Historically, PUCs have not been exceptionally skilled traders as monopoly buyers. The major argument for restructuring was the inefficiency of the utility business. Since the PUC buying practices, in essence, allowed this inefficiency what leads us to believe they will do better the second time around?
The risk tolerance issues is even more troubling. The PUC, as a political entity, has an extremely skewed risk tolerance - failure of reliability has an enormously greater negative impact than the positive impact of slightly lower rates for a perfectly tuned system. Therefore, it is highly likely the PUC will over pay for reliability to avoid any potential for negative impacts.
The "non-core" issue arises because -as a political matter - the state will be unwilling to shut of economic consumers if the power resources fail to materialize. Therefore, the core customers will become more and more central to the demand pull and will share the benefits with non-core customers in times of slight shortages yet the non-cores will get much of the benefit of those expenditures without the burden in times of over supply. In essence, they get a "free ride" on the obligation the core customer have to create a "demand pull".
A perfect case in point is the pricing structures for renewable power. The PUC should allow the utilities to purchase lowest cost power on the open market. The core customers are likely to be obligated to buy renewable power under the PUC actions. It is unlikely the non-cores will buy above market power from renewables. It would be better if the state wishes - as a public policy - to encourage renewable power as a resource to provide a direct subsidy to reduce renewable power to the same price as open market power. In that manner, the rate payers do not underwrite a political decision.
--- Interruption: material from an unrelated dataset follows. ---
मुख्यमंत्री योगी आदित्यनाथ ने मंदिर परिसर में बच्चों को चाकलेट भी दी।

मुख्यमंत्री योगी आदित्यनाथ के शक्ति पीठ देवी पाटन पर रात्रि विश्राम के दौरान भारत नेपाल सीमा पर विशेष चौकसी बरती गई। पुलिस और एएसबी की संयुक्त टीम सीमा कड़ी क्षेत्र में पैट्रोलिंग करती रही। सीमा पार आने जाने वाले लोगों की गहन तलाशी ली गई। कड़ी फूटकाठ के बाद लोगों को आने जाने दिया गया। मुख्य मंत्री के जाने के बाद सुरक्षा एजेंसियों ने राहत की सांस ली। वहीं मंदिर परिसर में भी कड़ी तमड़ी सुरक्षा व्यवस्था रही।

Just my opinion.
TERRY MEYER 7.2.03
Good analysis, new to me.
When it comes time to pull the plug on non-core customers, just how do we keep them from switching to "core" status?
Thomas Lord 7.3.03
The "free rider"problem is one I had to address designing an open market structure for wholesale power fro the World Bank in Colombia. The reality is that the movement of customers and, even more complicating, the potential for customers to move out of the service territory or go out of businees. That is one reason I prefer the PJM "interchange" model for energy delivery. It would - if anyone ever took the intellectual leap - allow the PUC to completely separate the process of devliering energy from the process of pricing energy. This would allow the separation of the engineering of the system from the risk management of the system. At that point, "core" versus" non-core" is irrelevant, the distinction would be "system managed" or "self managed" for pricing.